AOS 1 Climate Change: from Puzzles to Policy
link to official course web site

Lecture and discussion, four units. Special laboratory option 1L, one unit. Spring quarter 2005. Overview of the fundamentals of earth's climate, including the greenhouse effect, water and chemical cycles, outstanding features of the atmospheric and ocean circulation, and feedbacks between different system components. Exciting and contentious scientific puzzles of the climate system, including the causes of the ice ages, greenhouse warming, and El Nino/La Nina. The importance of climate science and prediction to society, with emphasis on science's role in identifying, quantifying, and solving environmental problems such as the ozone hole and greenhouse warming.
Tues/Thurs 9:30-10:45AM
syllabus

Past Courses AOS 200B Introduction to the Dynamics of the Earth System

Lecture and discussion, four units.

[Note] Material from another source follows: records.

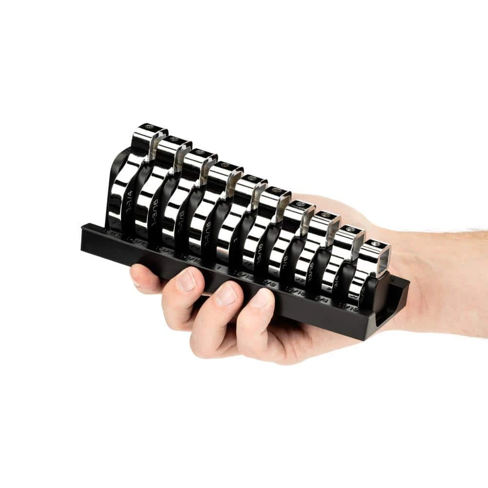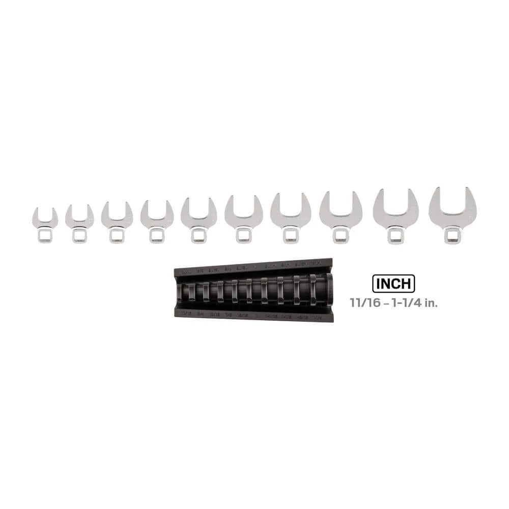 - 10-pieces, crowfoot wrenches: 11/16 in., 3/4 in., 13/16 in., 7/8 in., 15/16 in., 1 in., 1-1/16 in., 1-1/8 in., 1-3/16 in., 1-1/4 in.
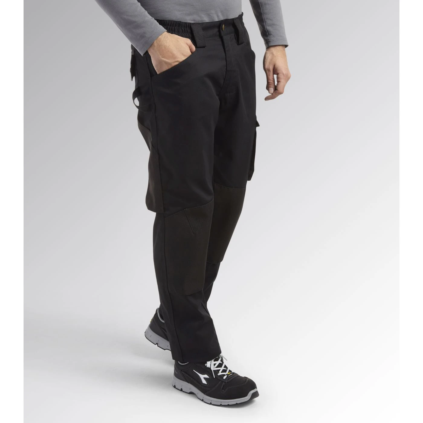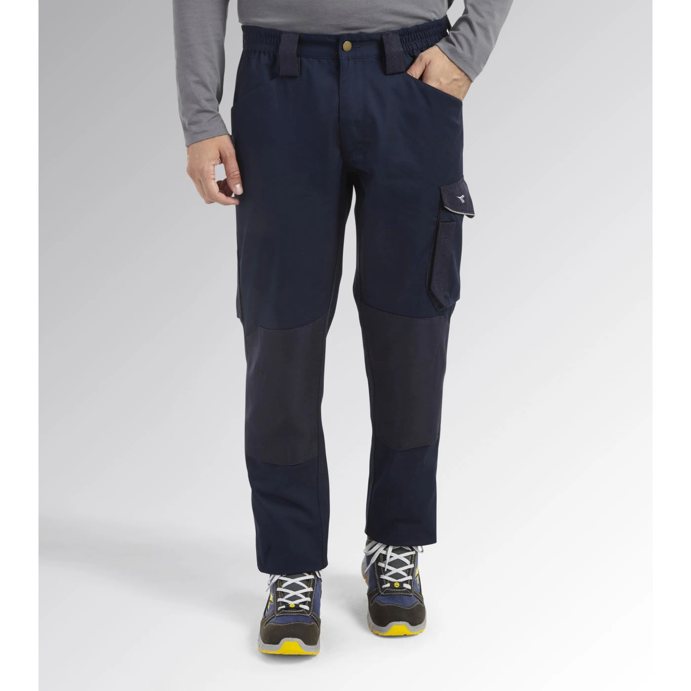 Trousers in polyester and cotton twill with knee pads, side pocket, reflective details, ruler pocket, hammer holder and contrast details in abrasion-resistant material, elastic waist, triple stitching.
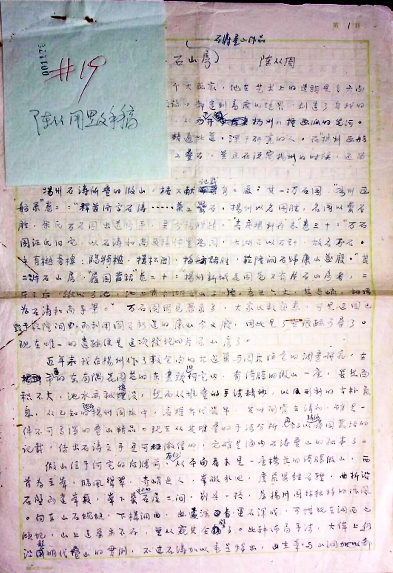 陈从周“片石山房”手稿
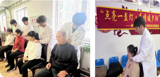 為深入學(xué)習(xí)貫徹習(xí)近平新時(shí)代中國特色社會(huì)主義思想和黨的二十大精神,積極響應(yīng)“健康中國”的戰(zhàn)略方針,更好地滿足老年人對高質(zhì)量醫(yī)療服務(wù)和人文關(guān)懷的需求,2024年12月4日下午14點(diǎn),伊春市委社會(huì)工作部、伊春職業(yè)學(xué)院和新欣社區(qū)聯(lián)合舉辦了“點(diǎn)亮一盞燈,真情暖夕陽”助老敬老志愿活動(dòng)。“康平樂”中醫(yī)康復(fù)技能培訓(xùn)工作室?guī)熒谐跣?,致力為社區(qū)老人帶來“健康、平安、快樂”,由指導(dǎo)教師李洋、張程程帶領(lǐng)7名優(yōu)秀學(xué)員組成志愿服務(wù)隊(duì),為現(xiàn)場老年群眾診查常見疾病,進(jìn)行頸肩部推拿,并提供健康指導(dǎo)。
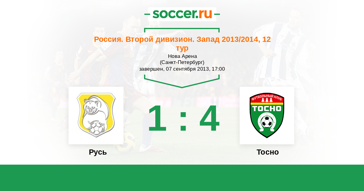 Россия. Вторая лига. Группа 2 22.04.2014 Тосно   3:0 Логотип футбольный клуб Русь (Санкт-Петербург) Русь
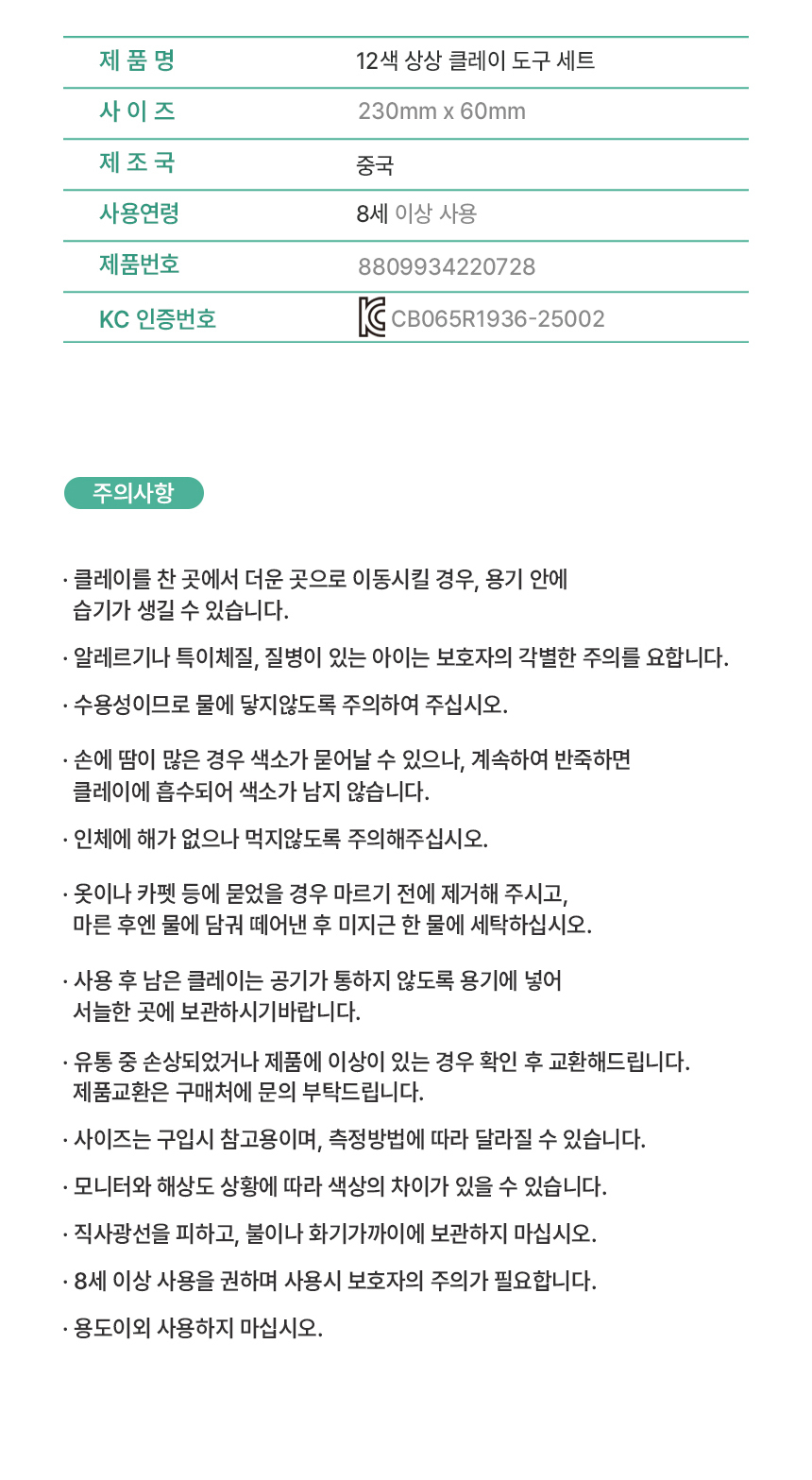 상상 12색 클레이 도구 세트 선물 컬러 촉감놀이 만들기
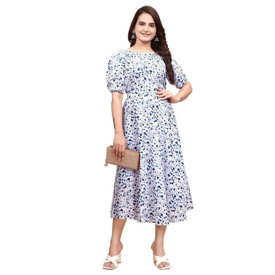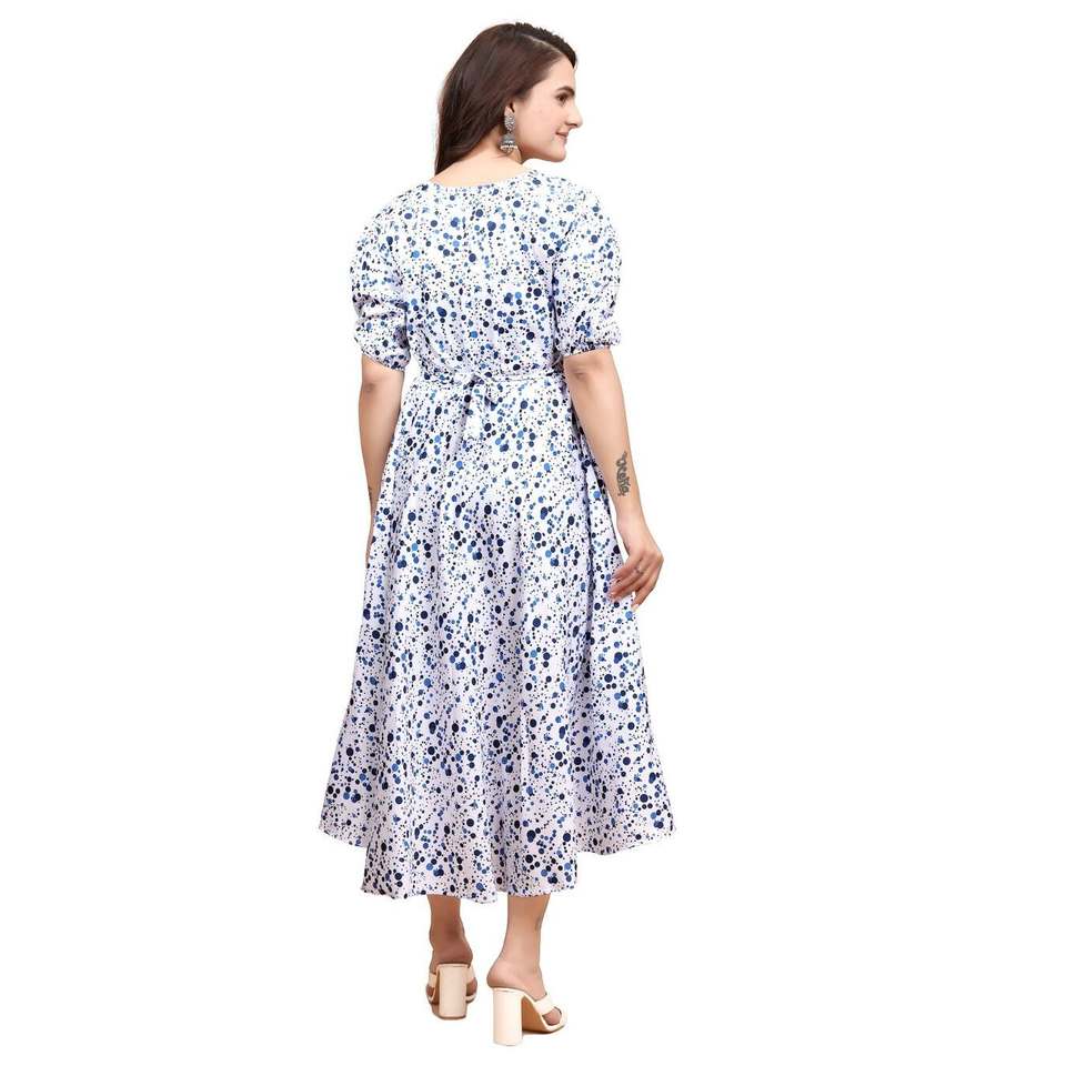 Designer Blue Bitter Silk Digital Print Work Dress Single Piece Indian Style

Fall quarter 2005. Overview of general circulation of atmosphere and ocean; global energy balances; coupled circulations (such as El Niņo); mesoscale, synoptic, and tropical phenomena; boundary layers, clouds, and convection; biogeochemical cycles; climate variability and change. Letter grading.
Mon/Wed 9:00-10:30AM
syllabus

AOS 244 Radiation and Climate

Lecture/Discussion, 4 units. Spring Quarter 2002.
This quarter, AS244 was offered as a special research seminar on the role of the diurnal cycle in determining the mean state of the climate system. Letter grading.
Tu/Th 3-4:30PM
schedule
reading list

AOS 281 Special Topics in Dynamic Meteorology: Climate Sensitivity

Lecture, 3 units. Fall Quarter 2001.
How much will the earth warm for a given increase in greenhouse gases? What is the climate's sensitivity to other kinds of external forcings, such as volcanic eruptions or changes in the distribution of sunshine due to changes of the earth's orbit? These timely issues are the topic of this course. We will examine the main mechanisms thought to control climate sensitivity and the geographical distribution of climate response, including temperature, lapse rate, water vapor, cloud, and ice/snow albedo feedbacks. In addition, we will examine processes modulating the transient response of the climate to an external forcing, such as the ocean circulation. Finally, we will study how the hydrologic cycle, an element of climate of comparable importance to temperature, might change in response to an external forcing. Letter grading.